In the early 1960s, Cordell divorced Magda, who went with McHale to America. Cordell married his second wife, Anja, whom he met on film location in Japan while doing the music score for the film Flight from Ashiya (1964). He wrote the theme music for the spy adventure TV series starring Robert Lansing called The Man Who Never Was (1966–67), and wrote The White Mountain introductory music for the science fiction episode of Space: 1999 – "Mission of the Darians" in 1975. Frank Cordell composed over twenty music scores including The Voice of Merrill (1952), First on the Road (1959), The Rebel (1961) starring Tony Hancock, The Bargee (1964), Never Put It in Writing (1964), Khartoum (1966), Mosquito Squadron (1969), Ring of Bright Water (1969), Hell Boats (1970), Cromwell (1970), Trial by Combat (1976), and God Told Me To (US: Demon, 1976). Between his film scores Cordell wrote concert hall works including the Concerto for Cello, the Concerto for Horn, a wind quartet entitled Interplay; also pieces for saxophone quartet, Gestures and Patterns, and mood miniatures such as Production Drive.

He wrote choral music for the Choir of King's College, Cambridge; and an arrangement for strings of the English air "Oh Dear, What Can the Matter Be", available on Guild GED5104. He was nominated for the Academy Award and Golden Globe Award for his feature film score of Cromwell, 1970. Cordell was involved in several experimental and documentary films.

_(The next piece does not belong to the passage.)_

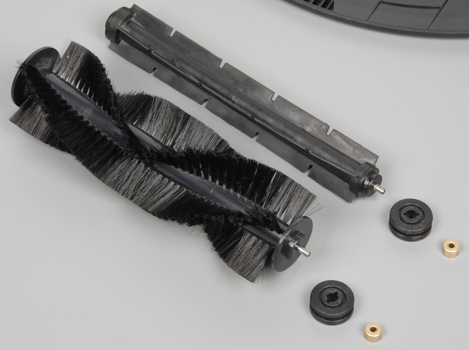 Щетина на большой щетке мягкая, а ее пучки идут волнами, что уменьшает звук от вращения щетки в контакте с полом. Стальные оси в торцах щеток вращаются в подшипниках скольжения в виде бронзовой втулки. Это правильное конструктивное решение, так как подшипники качения в этом узле рано или поздно заклинивает, из-за намотавшихся на сепаратор волос, шерсти и прочего. Подшипники установлены во втулки из мягкой резины, что снижает вибрацию и шум.

These included a surrealist film made in Yugoslavia in 1957 with McHale and his three sons and Arnold Bittleman the Yale trained artist. Cordell also wrote the score for the documentary film Tiger Tiger (1977). He appeared in the Fathers of Pop interviewed by Reyner Banham in a 1970s TV documentary on the origins of British pop art.

Cordell also wrote two significant scores for brass band: Spirals (1977) and Movements (1981).

==Later years==
Cordell retired with his wife and son to their sheep farm in the English countryside, where they kept open house to many of Britain's leading artists and musicians including The Beatles.

Cordell died in Hastings in 1980, and his original manuscripts now reside in the archives at the Trinity College of Music in London.